16:(言いたいこと言いたい! けど…)難題!「共感問題」私の割り切りライン
今回も、出版社の編集者さんがよく仰る3つの頻出「アドバイス」対策の続きです。
1.自分を客観視せよ
2.独自の視点を持て
3.共感を得られるように描け
この三か条について、詳しくはこちらをお読みください。
14:「自分を客観視せよ!独自の視点を持て!共感を得よ!」三大頻出アドバイス、その正体と対処法
前回までのおさらい
1.自分を客観視せよ(誰が見ても面白くて)
対策:自分が描いたものを他人が描いたという設定で見直す
見直し方は、こちらをご覧ください。
13: ネームの見直し、どこをどう直す? 具体的なチェックポイントを洗い出しました
2.独自の視点を持て(個性的で)
対策:対策は要りません。独自の視点は全員必ず持ってます。
「その人らしさ」について、詳しくはこちらをご覧ください。
15:もし「独自の視点」を「持て」と言われても、全員がもともと必ず持ってますから心配しないでください
今回の内容
3.共感を得られるように描け(人気が出るやつ描いて)
今回はこれ ↑ です。
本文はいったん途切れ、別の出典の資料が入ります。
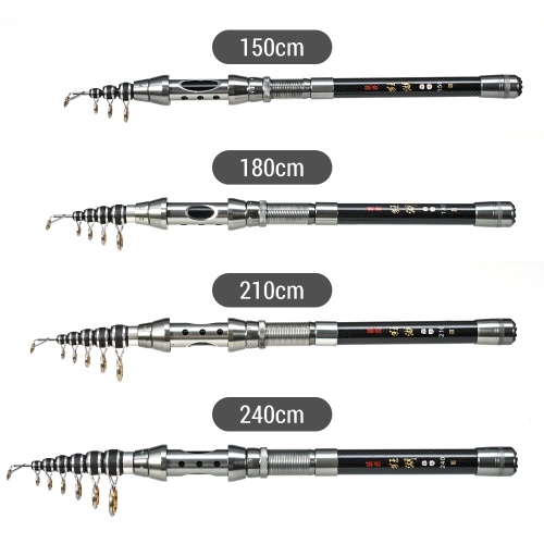 Telescopic carbon fishing rod is lightweight and portable.

最難関の、一番ややこしいところです。
以下、'19年6月発売の拙著『読まれるコミックエッセイの描き方[2]作品の周辺のこと』より、該当箇所をまるっと載せます。
自分の感じたことや考えたことを描きましょう
「共感を得られるように」描いて共感を得ることは、私は難しいと思います。
人に好かれようとして人の顔色ばかり伺っている人のことを、心から好きになることは難しいのではないでしょうか? その人の本音が見えないと、なんとなく不安になりませんか?
「何を描いたら共感されるかな?」と考えながら描くのは苦しいことだし、こちらが無理をしていることは、読み手にもそのまま伝わってしまうと思います。
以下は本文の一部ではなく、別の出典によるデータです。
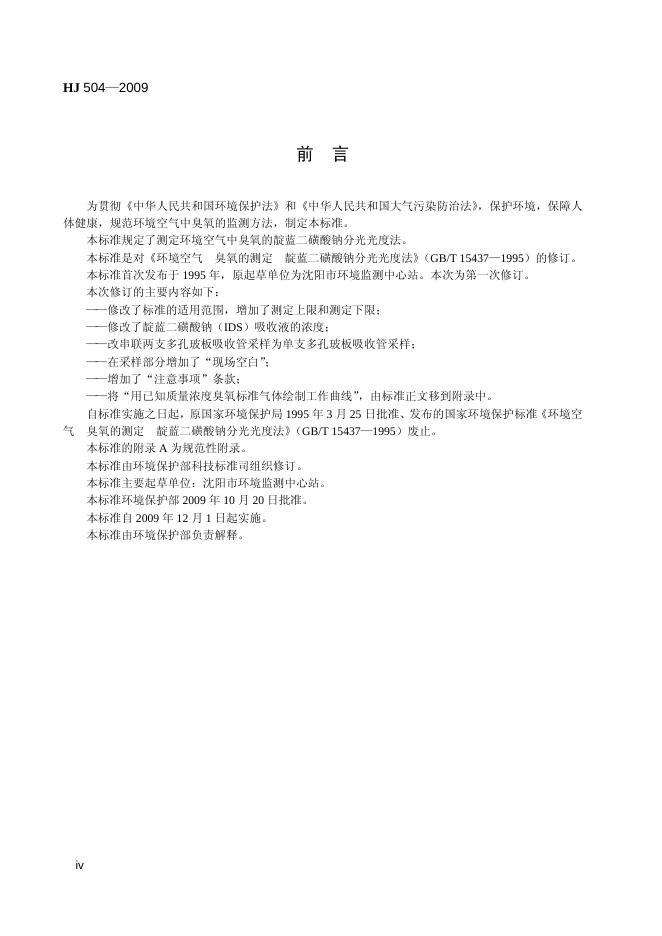 HJ 504-2009 环境空气 臭氧的测定 靛蓝二磺酸钠分光光度法

描き手にできるのは、できる範囲で気配りをしながら、自分の気持ちを正直に描くことです。
とはいえこの「気配り」がすごく、難しいです。できる人はすっと自然にできるのかもしれませんが、私にはすごく難しいです。いらんことを言って余計な揉め事を引き起こしてしまうのは避けたいけど、言いたいことは言いたい……。
ずーっとあれこれ考えて、自分なりの、描く描かないの割り切りラインを少しずつ決めてきました。今回は、そのラインについて書いていきます。
これが正解ということではなくて、「私はこう考えています」ということです。お読みになって、「私はそうは思わない」という場合も当然あると思います。いずれにしても、なんらかのご参考になりましたら幸いです。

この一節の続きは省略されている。